§ Data
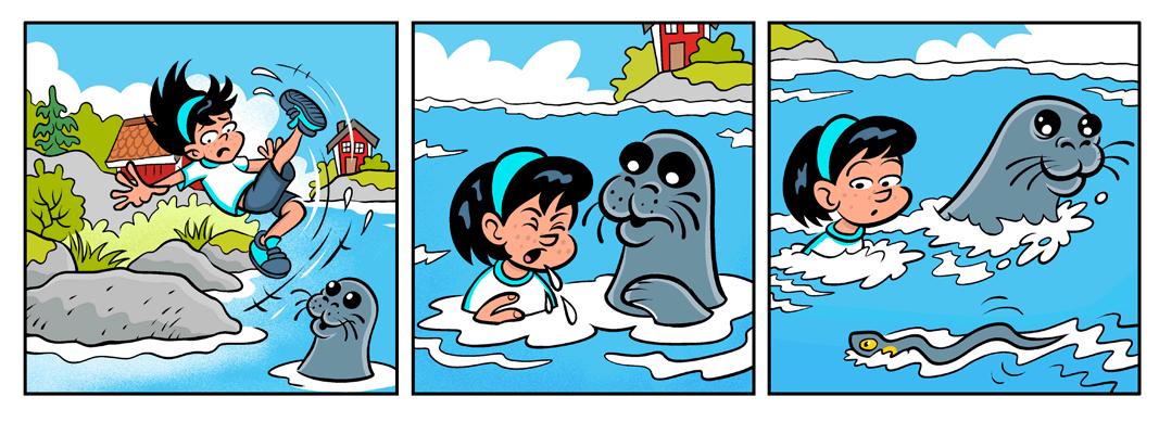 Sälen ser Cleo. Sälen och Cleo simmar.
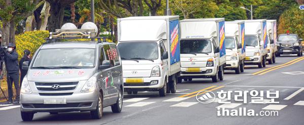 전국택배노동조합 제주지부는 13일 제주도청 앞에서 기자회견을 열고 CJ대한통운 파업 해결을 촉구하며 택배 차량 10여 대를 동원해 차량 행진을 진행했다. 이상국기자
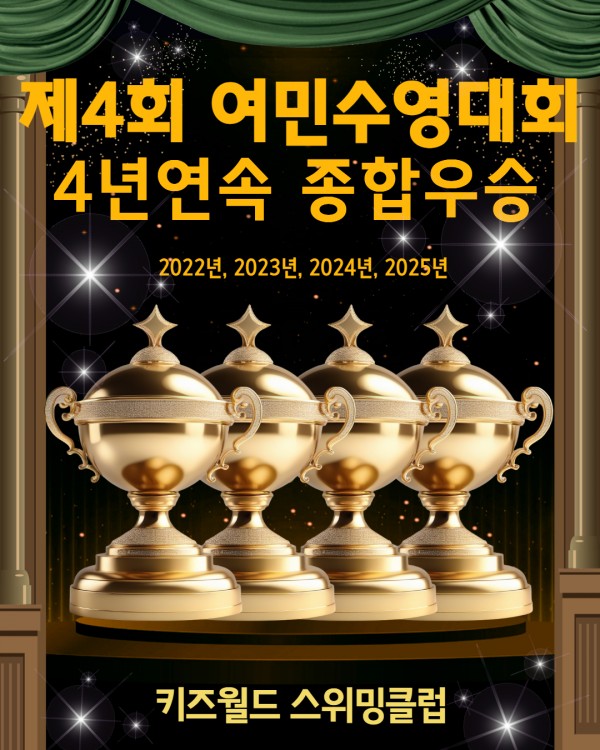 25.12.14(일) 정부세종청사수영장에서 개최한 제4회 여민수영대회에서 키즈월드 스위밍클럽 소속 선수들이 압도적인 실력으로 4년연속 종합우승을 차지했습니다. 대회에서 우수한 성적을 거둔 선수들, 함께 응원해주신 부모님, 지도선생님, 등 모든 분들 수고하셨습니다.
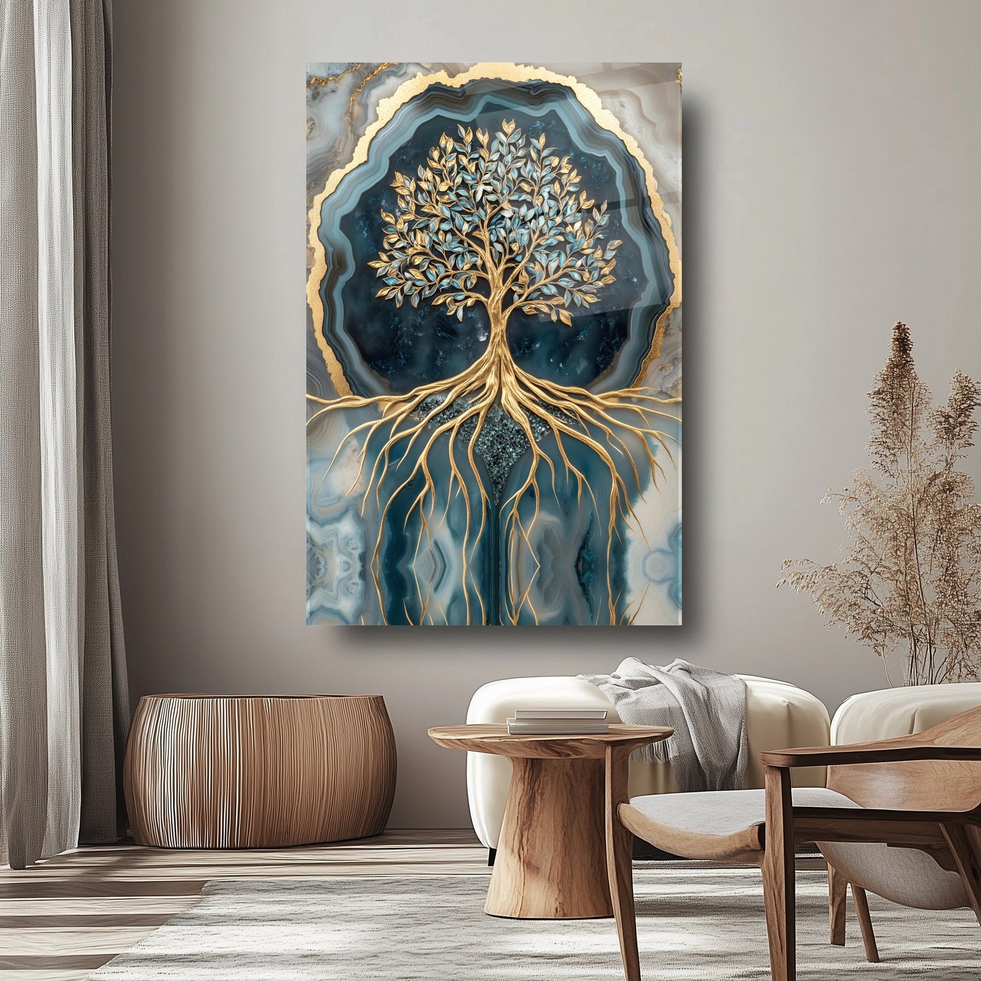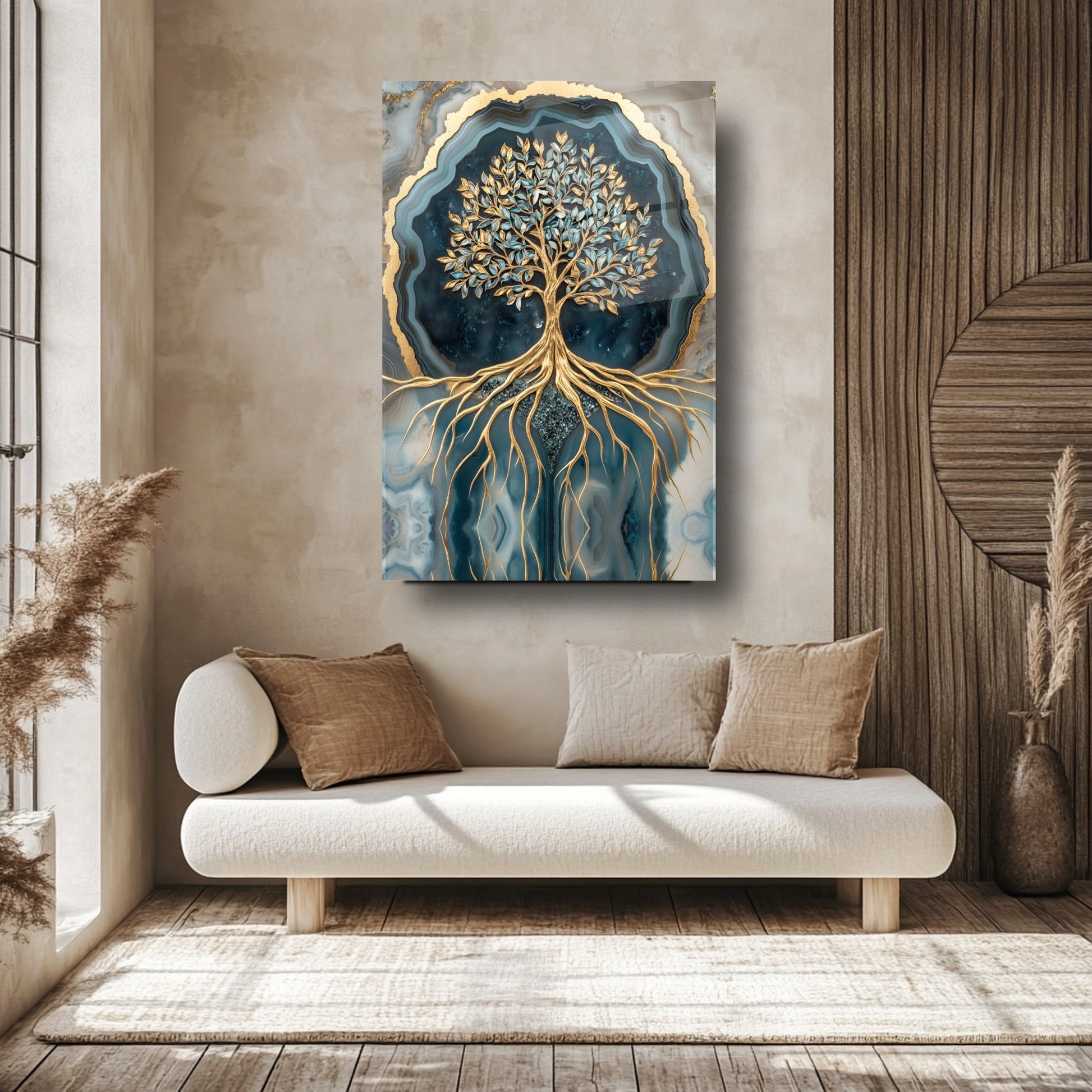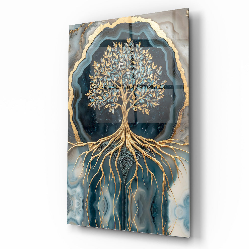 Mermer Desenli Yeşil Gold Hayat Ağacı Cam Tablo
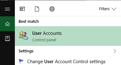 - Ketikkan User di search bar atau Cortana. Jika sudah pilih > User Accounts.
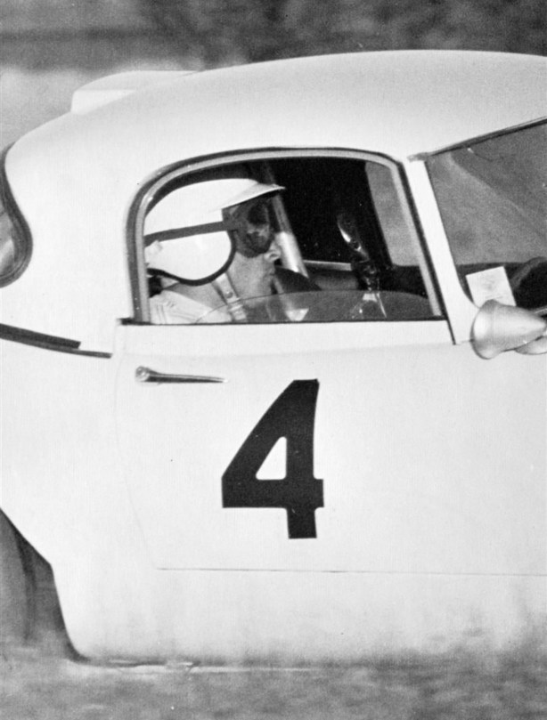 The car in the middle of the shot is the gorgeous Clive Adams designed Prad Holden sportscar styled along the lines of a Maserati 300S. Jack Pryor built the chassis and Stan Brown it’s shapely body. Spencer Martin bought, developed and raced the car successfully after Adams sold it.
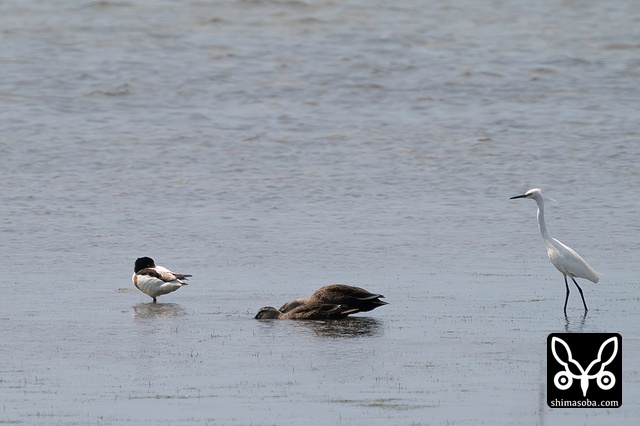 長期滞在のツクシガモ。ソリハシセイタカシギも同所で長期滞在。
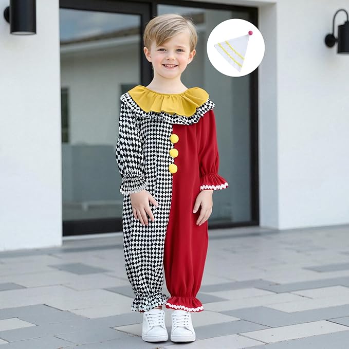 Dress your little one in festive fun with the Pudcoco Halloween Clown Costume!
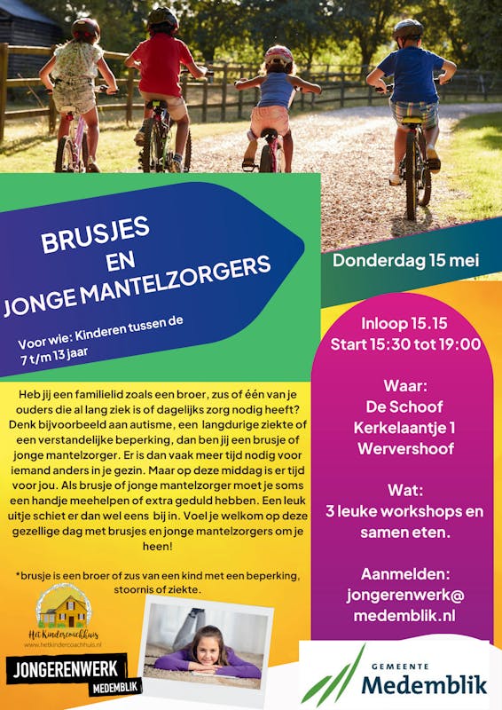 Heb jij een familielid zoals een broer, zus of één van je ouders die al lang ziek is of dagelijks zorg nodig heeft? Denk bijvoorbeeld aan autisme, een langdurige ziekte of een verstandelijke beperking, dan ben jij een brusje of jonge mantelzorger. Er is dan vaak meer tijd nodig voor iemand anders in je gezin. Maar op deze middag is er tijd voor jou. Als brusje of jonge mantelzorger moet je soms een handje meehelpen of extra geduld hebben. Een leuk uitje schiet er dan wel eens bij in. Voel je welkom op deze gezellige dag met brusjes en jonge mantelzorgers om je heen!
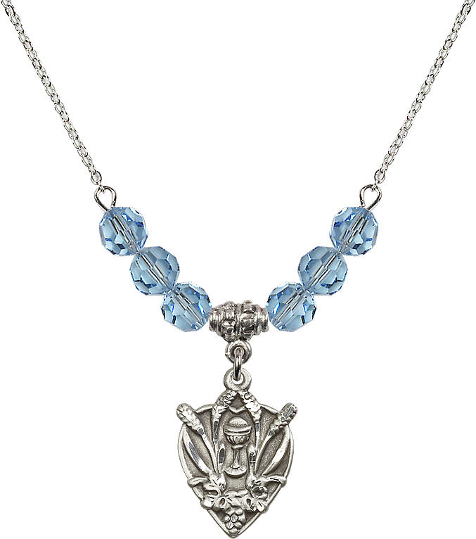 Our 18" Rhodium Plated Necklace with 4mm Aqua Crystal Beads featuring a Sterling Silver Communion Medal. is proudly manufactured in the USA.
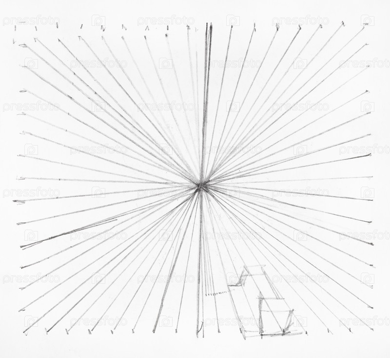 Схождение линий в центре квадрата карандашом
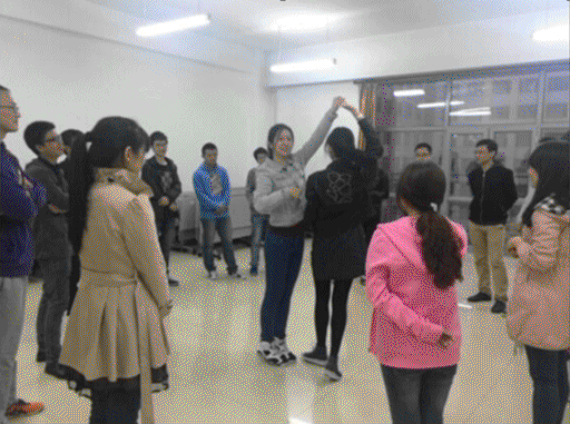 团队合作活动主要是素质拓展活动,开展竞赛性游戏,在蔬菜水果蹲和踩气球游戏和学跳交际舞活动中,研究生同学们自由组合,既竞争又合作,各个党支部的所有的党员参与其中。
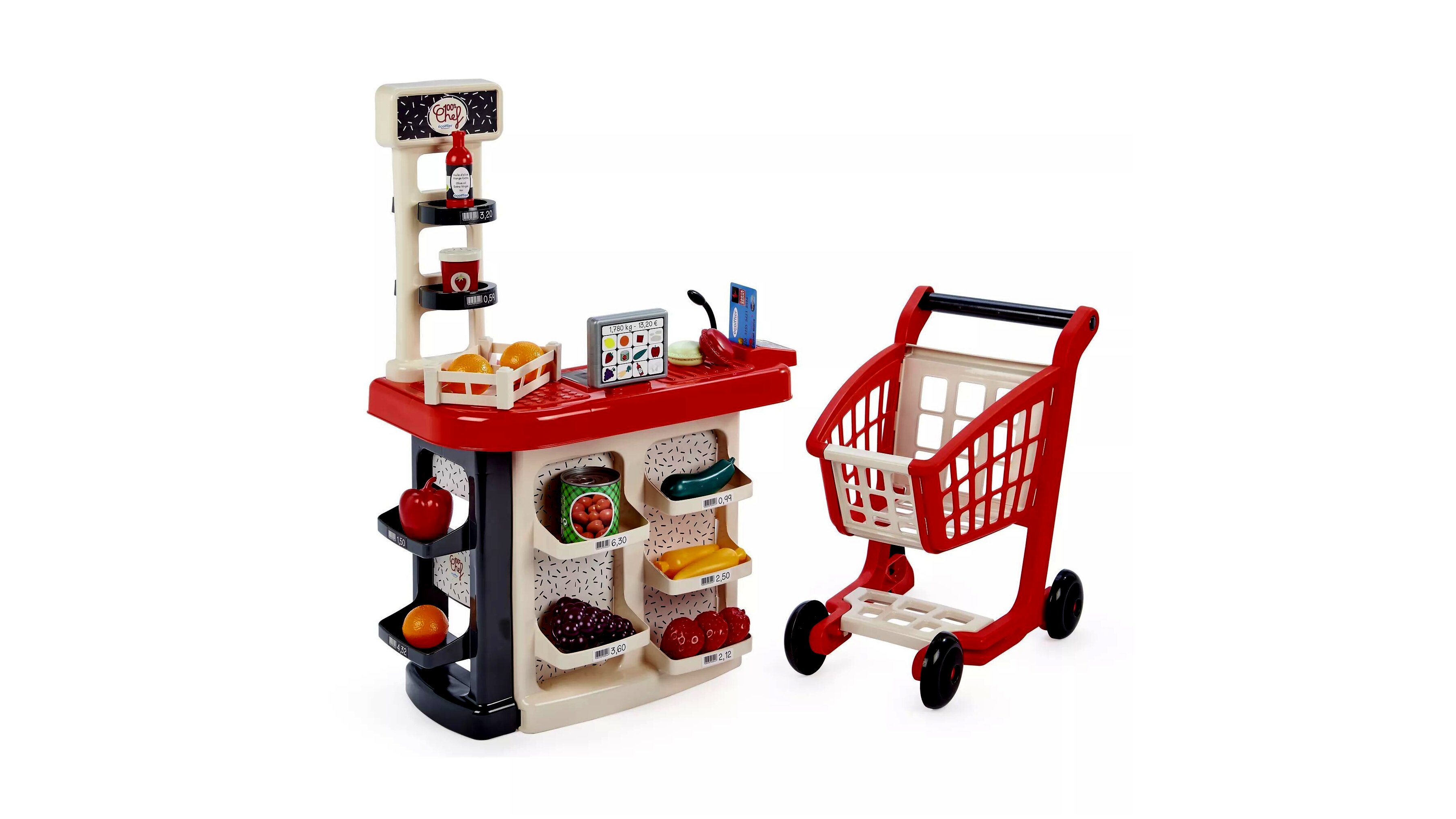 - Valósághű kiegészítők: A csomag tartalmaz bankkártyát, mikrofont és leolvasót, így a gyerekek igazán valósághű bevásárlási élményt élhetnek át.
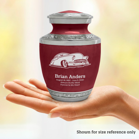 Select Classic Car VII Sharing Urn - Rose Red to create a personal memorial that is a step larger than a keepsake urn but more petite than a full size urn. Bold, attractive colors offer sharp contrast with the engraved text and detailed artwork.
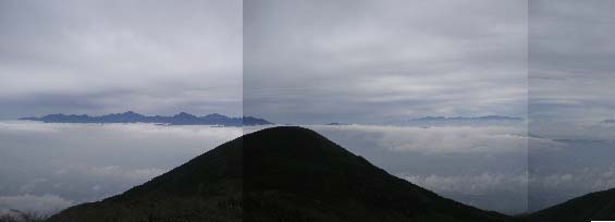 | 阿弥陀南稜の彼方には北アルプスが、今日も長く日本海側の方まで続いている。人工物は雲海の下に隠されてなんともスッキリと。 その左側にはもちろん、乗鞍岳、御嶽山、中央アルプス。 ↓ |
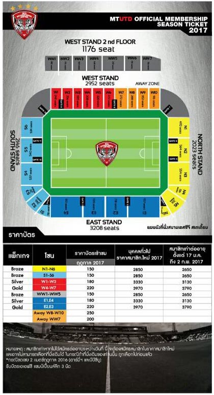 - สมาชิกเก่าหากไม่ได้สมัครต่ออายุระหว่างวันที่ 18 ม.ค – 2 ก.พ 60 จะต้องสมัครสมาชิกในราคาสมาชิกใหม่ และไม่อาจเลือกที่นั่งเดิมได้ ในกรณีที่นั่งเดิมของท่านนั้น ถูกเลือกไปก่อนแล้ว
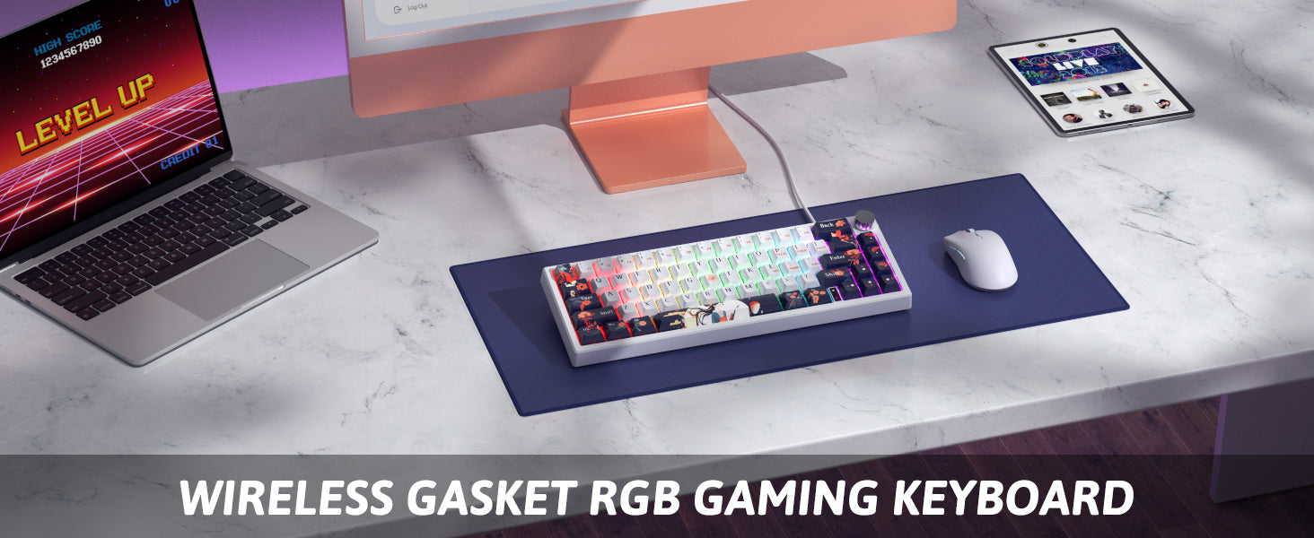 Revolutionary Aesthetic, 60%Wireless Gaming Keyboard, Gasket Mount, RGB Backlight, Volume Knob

§ Exercise goal
Only one stretch of the material above is wanted: the line containing "Select Classic Car" through the line containing "その左側にはもちろん、乗鞍岳、御嶽山、中央アルプス。 ↓ |". Restate it word for word, minus the pictures.

§ Final answer
 Select Classic Car VII Sharing Urn - Rose Red to create a personal memorial that is a step larger than a keepsake urn but more petite than a full size urn. Bold, attractive colors offer sharp contrast with the engraved text and detailed artwork.
 | 阿弥陀南稜の彼方には北アルプスが、今日も長く日本海側の方まで続いている。人工物は雲海の下に隠されてなんともスッキリと。 その左側にはもちろん、乗鞍岳、御嶽山、中央アルプス。 ↓ |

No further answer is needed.